Weak Memory Ordering Notes

Comp Arch 2005/6 DJG


Sequential Consistency

  • Assume we have cache consistency, but is this enough ?

  • Sequential consistency -
    • All operations happen in the order specified by the code
    • All CPUs' views of these operations are consistent with a global ordering of the combined operations

  • Expensive to maintain on modern CPUs

  • Tantamount to an implicit memory barrier (fence) instruction between each memory operation (load or store).

  • Actually, need to wait for all possible invalidations or exceptions from a previous instruction to have settled before starting the next.

Single CPU Guarantees

1. A given CPU always perceives its own memory operations as occurring in program order. That is, memory-reordering issues arise only when a CPU is observing other CPUs' memory operations.

2. An operation is reordered with a store only if the operation accesses a different location from the store.

3. Aligned simple loads and stores are atomic.


Self-Modifying Code

  • Not supported since I/D cache separation.

  • Needed for JIT and OS loader.

  • Flush whole I cache gets expensive if frequent.
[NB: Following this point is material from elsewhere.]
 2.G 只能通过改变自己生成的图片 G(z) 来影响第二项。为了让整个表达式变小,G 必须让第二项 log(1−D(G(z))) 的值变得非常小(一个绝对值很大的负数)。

  • Used deliberate alias techniques for very small, known caches

  • Better to use an OS primitive that maps to partial flush/invalidate instructions.
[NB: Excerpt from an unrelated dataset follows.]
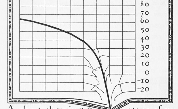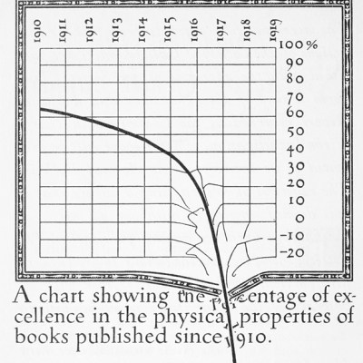 …¡desde hace casi un siglo! Al menos eso es lo que se intenta explicar1, con tono irónico y mucho humor, en un librillo publicado en 1919 por el calígrafo y diseñador editorial William Addison Dwiggins, junto a otros autores. Se pretendía mostrar su queja sobre la pérdida de calidad de los libros, tanto en los materiales empleados en el proceso editorial como en el uso de tipografías, maquetación y demás detalles. Todo el libro se puede resumir en el delicioso gráfico que aparece en su comienzo, una genialidad que expresa una idea compleja de un vistado. Un gráfico rompedor, ni más ni menos… ¿Qué pensaría Dwiggins de los libros electrónicos?
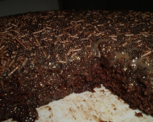 Faça um brigadeiro mole e aplique ainda quente sobre o bolo frio.

    Possible Consistency Models

    Three (at least) main models should be considered:

  • 1. Sequential Consistency

  • 2. Processor consistency (W to R ordering): Writes from a given processor are always seen by others as in that processor's order but stores by different processors may not be seen in true order.

  • 2. Weak Consistency:

    • All operations on synchronisation variables are sequentially consistent,
    • No synchronisation variables may be accessed until data operations are complete,
    • No data variables may be accessed until synchronisation operations are complete.

    A write is 'complete' when no subsequent read can find a different value.

    (A read is 'complete' when no subsequent write can change the value read.)

  • Do we need cache consistency between barriers ?

    OO Race Problems

  • Java has synchronised keyword

  • C C++ has volatile keyword

  • Processor 1 executes its code first. Its cache happens to flush the modification of Foo.bar back to main memory, but none of the other writes.

  • Then, processor 2 executes its code, it loads its cache only with the new value of Foo.bar from main memory (finding old values in the cache for all other memory locations).

  • Will processor 2 see garbage for integer x ? What if it were an object handle ?

    Memory Barrier Instructions

  • CPUs differ greatly in the reordering they introduce and in the memory barrier (fence) instructions they offer.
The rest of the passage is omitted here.